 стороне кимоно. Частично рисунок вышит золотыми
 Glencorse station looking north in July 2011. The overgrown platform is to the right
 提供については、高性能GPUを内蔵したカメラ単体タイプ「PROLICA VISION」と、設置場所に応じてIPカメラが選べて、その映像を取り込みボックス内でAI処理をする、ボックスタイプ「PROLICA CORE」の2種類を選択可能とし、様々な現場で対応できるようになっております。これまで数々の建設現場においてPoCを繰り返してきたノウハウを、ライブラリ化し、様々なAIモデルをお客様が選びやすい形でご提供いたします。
...
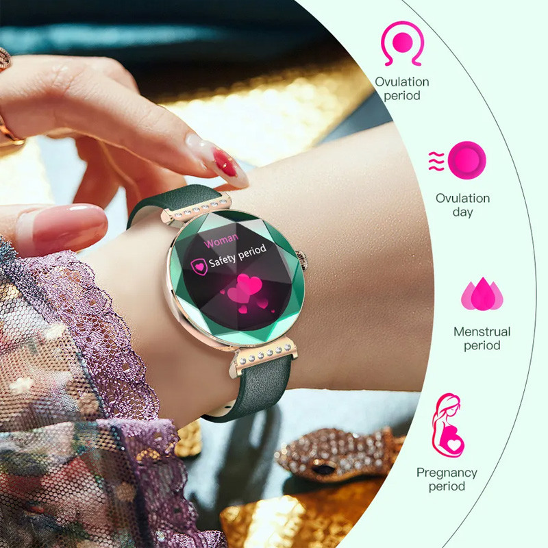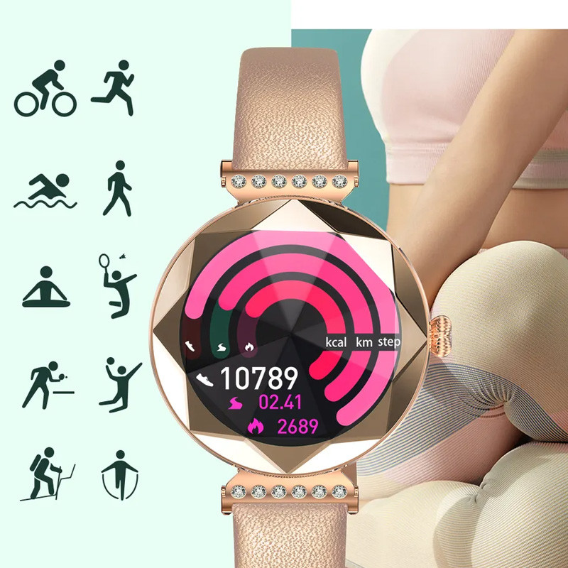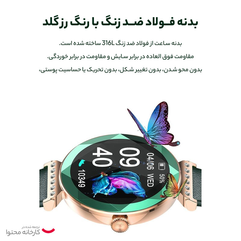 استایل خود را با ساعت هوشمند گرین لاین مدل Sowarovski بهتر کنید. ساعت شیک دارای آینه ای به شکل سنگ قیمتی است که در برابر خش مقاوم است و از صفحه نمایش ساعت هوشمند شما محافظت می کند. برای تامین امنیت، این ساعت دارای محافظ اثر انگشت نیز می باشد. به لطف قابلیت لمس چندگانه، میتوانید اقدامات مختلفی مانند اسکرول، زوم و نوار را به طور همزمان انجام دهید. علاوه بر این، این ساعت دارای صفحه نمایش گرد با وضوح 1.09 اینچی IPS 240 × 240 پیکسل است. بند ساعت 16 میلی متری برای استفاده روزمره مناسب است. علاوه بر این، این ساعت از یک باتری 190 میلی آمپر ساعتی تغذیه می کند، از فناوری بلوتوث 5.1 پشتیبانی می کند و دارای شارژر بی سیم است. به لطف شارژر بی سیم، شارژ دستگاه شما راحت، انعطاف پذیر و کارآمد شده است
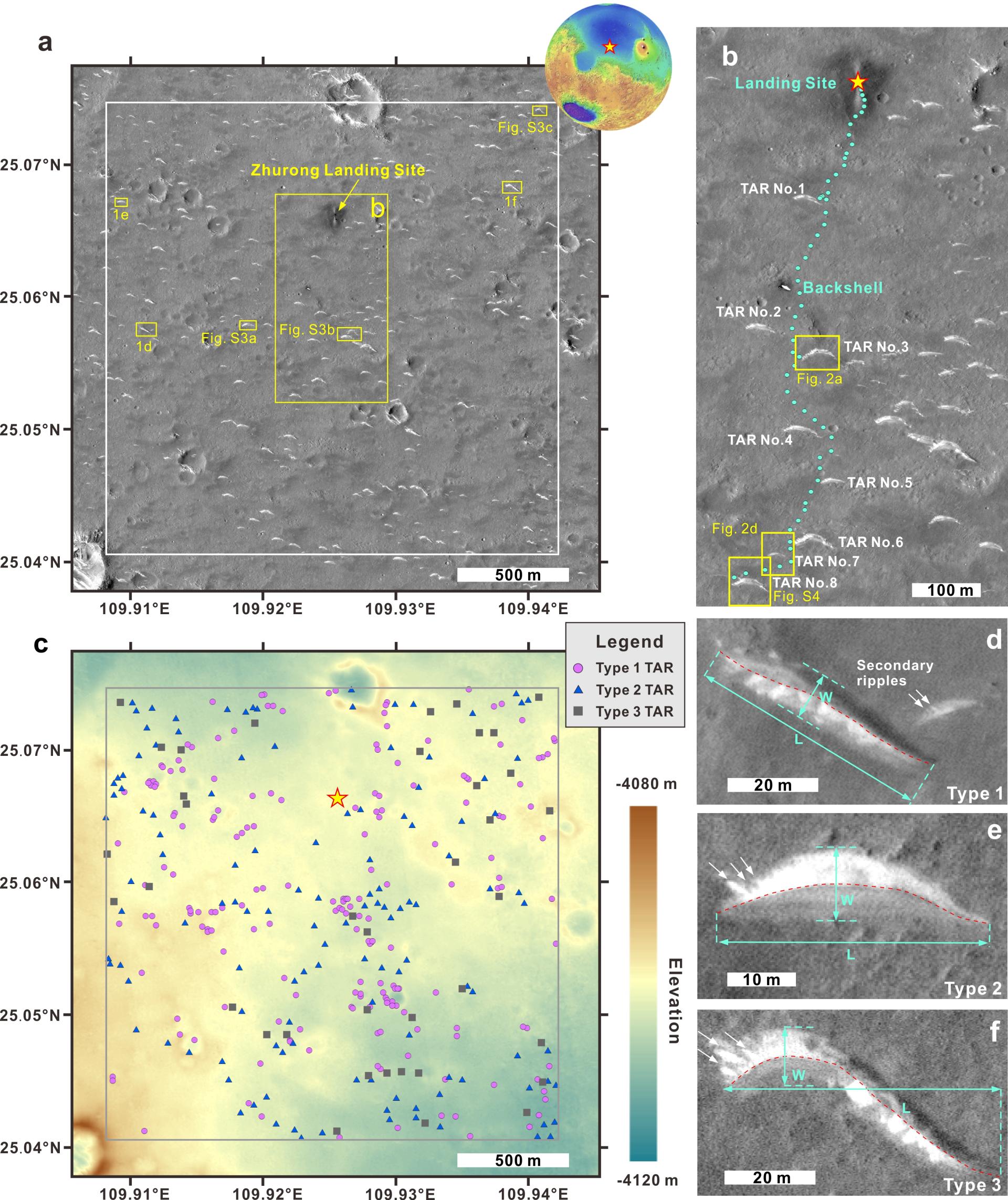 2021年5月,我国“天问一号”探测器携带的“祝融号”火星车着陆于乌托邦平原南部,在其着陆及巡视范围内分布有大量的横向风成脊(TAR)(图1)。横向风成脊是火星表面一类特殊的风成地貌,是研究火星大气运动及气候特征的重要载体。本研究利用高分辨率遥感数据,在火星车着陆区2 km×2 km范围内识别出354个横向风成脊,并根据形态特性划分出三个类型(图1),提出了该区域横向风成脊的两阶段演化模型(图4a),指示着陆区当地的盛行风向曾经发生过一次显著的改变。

● **What is being asked**
Give back the records above exactly, limited to the lines between the one holding "стороне кимоно. Частично" and the one holding "Glencorse station looking", inclusive.

● **Completed exercise**
 стороне кимоно. Частично рисунок вышит золотыми
 Glencorse station looking north in July 2011. The overgrown platform is to the right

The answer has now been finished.